# [YOUR GOAL]
Reproduce the whole listing exactly, omitting any picture it holds.

# [SUPPLIED DATA]
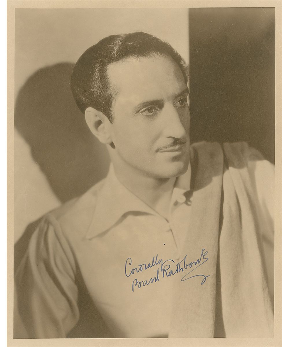 Dashing vintage sepia matte-finish 8 x 10 photo of Rathbone, nicely signed against his light shirt in fountain pen, “Cordially, Basil Rathbone.” In fine condition, with unobtrusive creases to the left side and upper right corner.
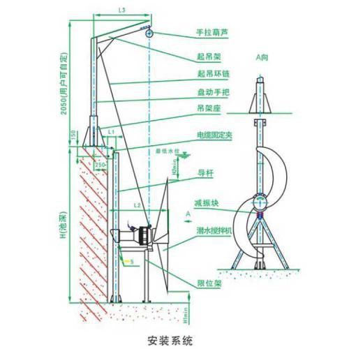客户定货时,请提供池深及池型图,以便厂方加工时确定导杆或导向钢丝的尺寸。安装系统的材质采用不锈钢(或碳钢)制造。安装系统中除导杆或导向钢丝、起吊底座外,多台QJB推进器可共用一套起吊装置(用户有特殊要求除外)。
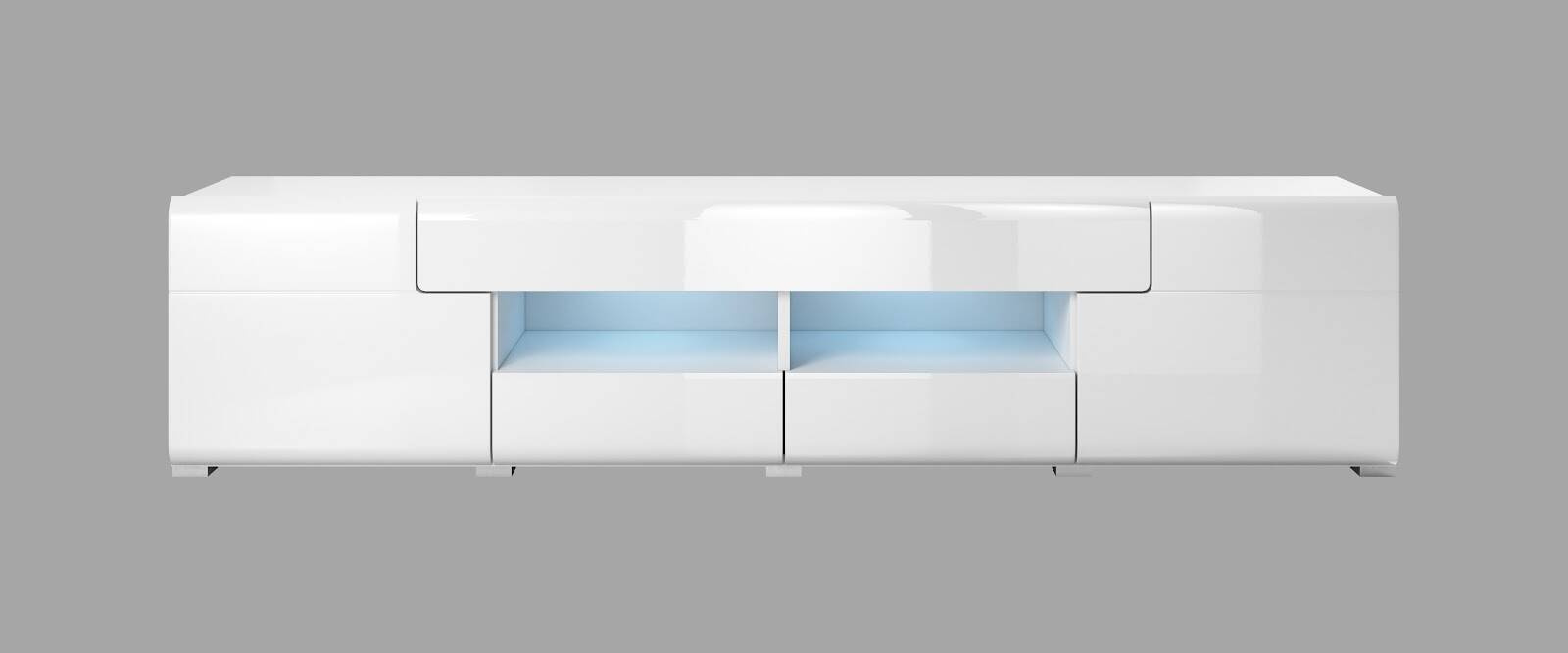 Komoda RTV Toledo WM 2D4S - elegancka i funkcjonalna w białym połysku. Wyposażona w 2 drzwi, 4 szuflady i półki zapewniające mnóstwo miejsca. Materiały: MDF i laminat. Wym: 208x47x39 cm.

# [OUTPUT]
 Dashing vintage sepia matte-finish 8 x 10 photo of Rathbone, nicely signed against his light shirt in fountain pen, “Cordially, Basil Rathbone.” In fine condition, with unobtrusive creases to the left side and upper right corner.
客户定货时,请提供池深及池型图,以便厂方加工时确定导杆或导向钢丝的尺寸。安装系统的材质采用不锈钢(或碳钢)制造。安装系统中除导杆或导向钢丝、起吊底座外,多台QJB推进器可共用一套起吊装置(用户有特殊要求除外)。
 Komoda RTV Toledo WM 2D4S - elegancka i funkcjonalna w białym połysku. Wyposażona w 2 drzwi, 4 szuflady i półki zapewniające mnóstwo miejsca. Materiały: MDF i laminat. Wym: 208x47x39 cm.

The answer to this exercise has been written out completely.